(MATERIALS PROVIDED Opens)

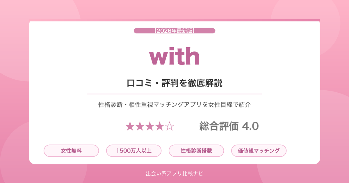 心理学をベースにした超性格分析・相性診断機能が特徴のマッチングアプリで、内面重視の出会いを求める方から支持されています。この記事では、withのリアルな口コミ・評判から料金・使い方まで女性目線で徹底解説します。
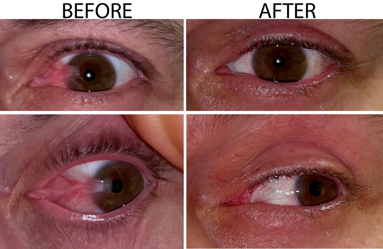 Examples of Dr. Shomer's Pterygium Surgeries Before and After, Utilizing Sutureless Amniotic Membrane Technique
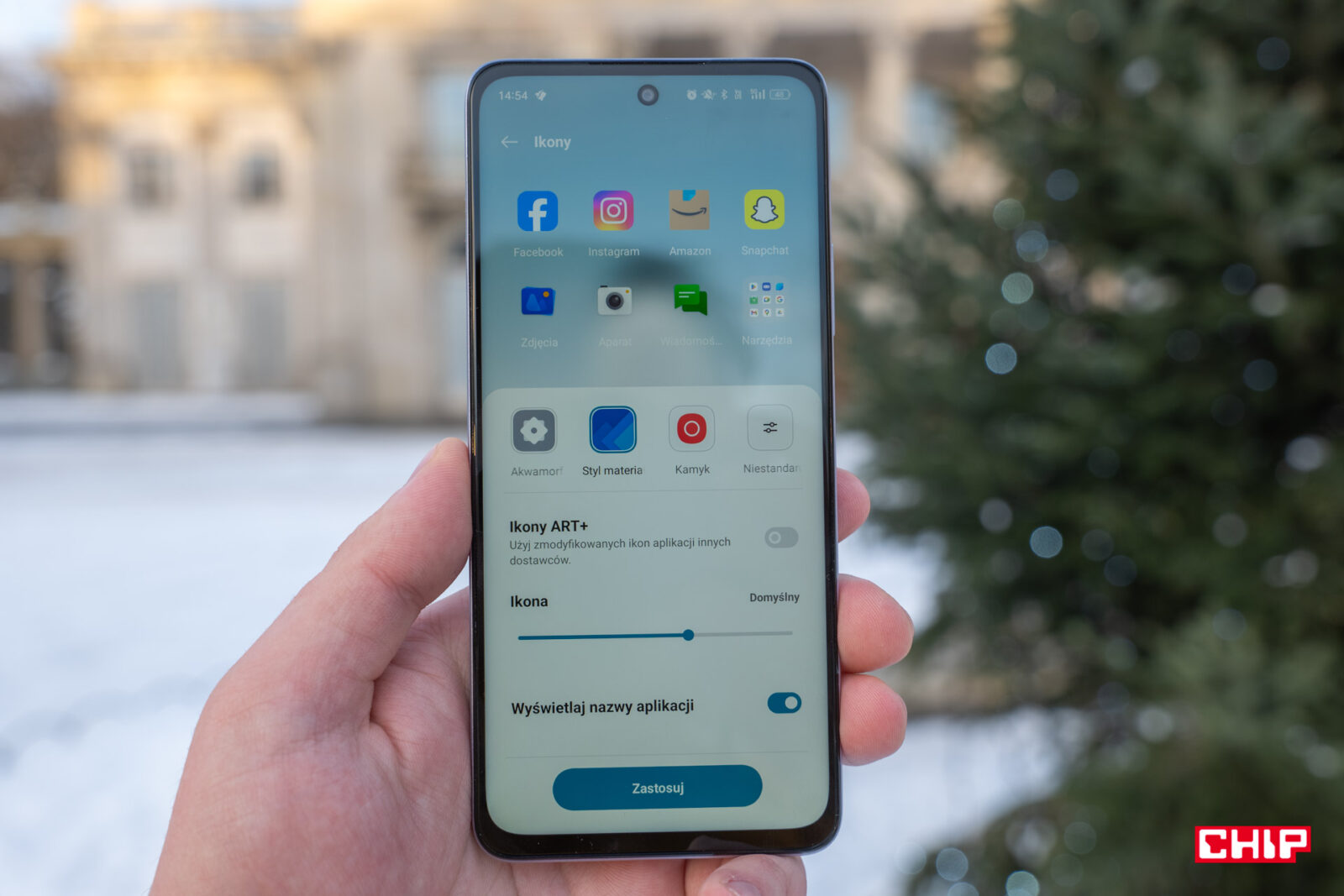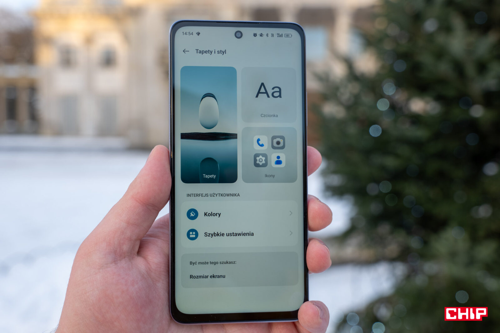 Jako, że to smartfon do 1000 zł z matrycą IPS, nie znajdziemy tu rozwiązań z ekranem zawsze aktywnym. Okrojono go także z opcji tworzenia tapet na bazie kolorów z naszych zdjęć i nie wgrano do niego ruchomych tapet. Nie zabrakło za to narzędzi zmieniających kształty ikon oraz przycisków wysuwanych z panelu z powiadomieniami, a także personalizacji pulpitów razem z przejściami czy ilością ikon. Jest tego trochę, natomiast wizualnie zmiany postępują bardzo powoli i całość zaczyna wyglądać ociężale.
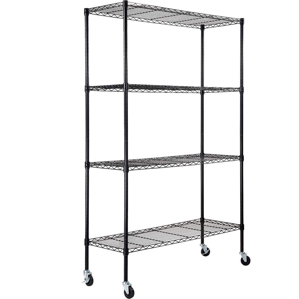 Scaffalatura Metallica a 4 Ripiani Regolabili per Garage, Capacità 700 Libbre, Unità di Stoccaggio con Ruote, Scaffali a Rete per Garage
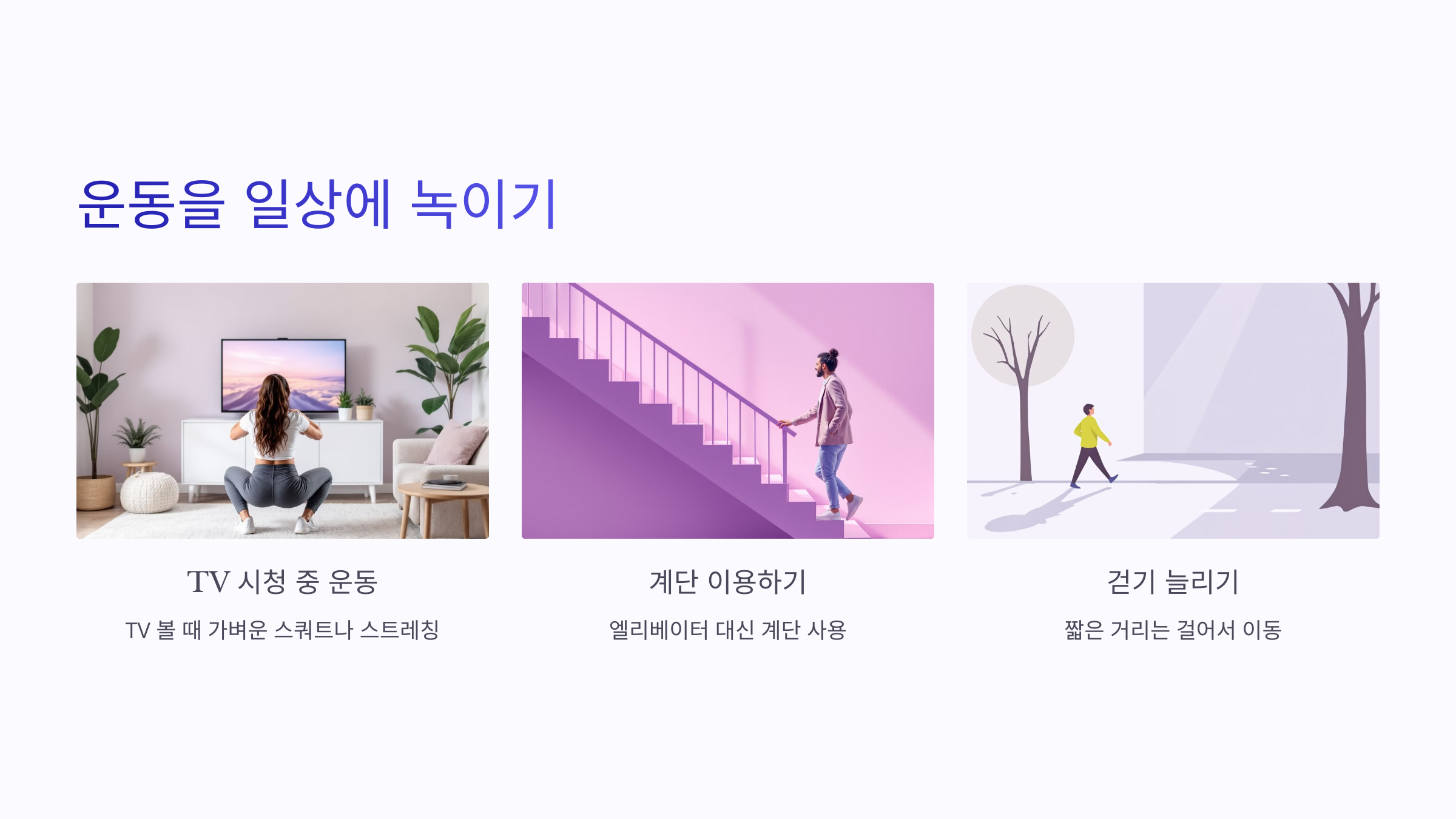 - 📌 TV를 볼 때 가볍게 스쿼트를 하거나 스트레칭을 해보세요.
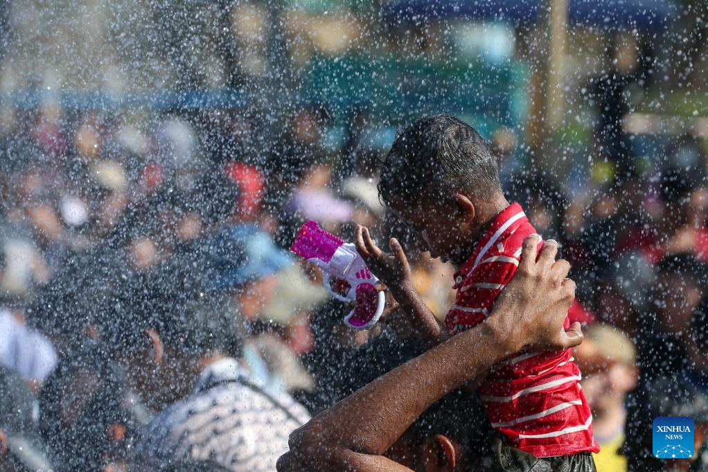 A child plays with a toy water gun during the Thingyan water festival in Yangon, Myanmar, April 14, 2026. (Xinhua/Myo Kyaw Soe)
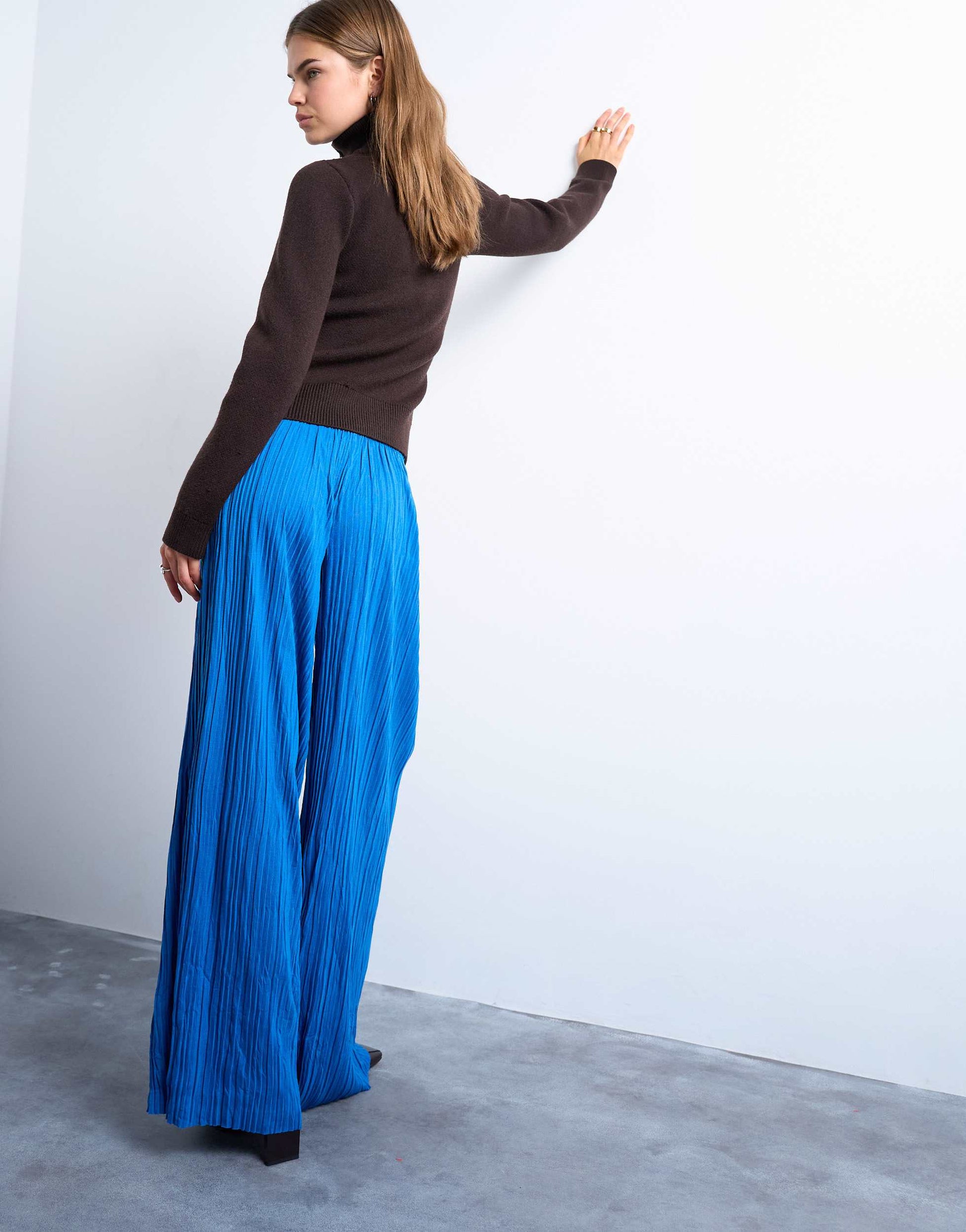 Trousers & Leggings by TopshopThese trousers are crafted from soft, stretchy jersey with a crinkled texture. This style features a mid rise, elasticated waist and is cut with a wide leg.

(MATERIALS PROVIDED Closes)

ACTIVITY
All that is needed is an exact copy of the lines from the line with "A child plays" through the end of the listing, both ends included, with no pictures.

ANSWER AREA
 A child plays with a toy water gun during the Thingyan water festival in Yangon, Myanmar, April 14, 2026. (Xinhua/Myo Kyaw Soe)
 Trousers & Leggings by TopshopThese trousers are crafted from soft, stretchy jersey with a crinkled texture. This style features a mid rise, elasticated waist and is cut with a wide leg.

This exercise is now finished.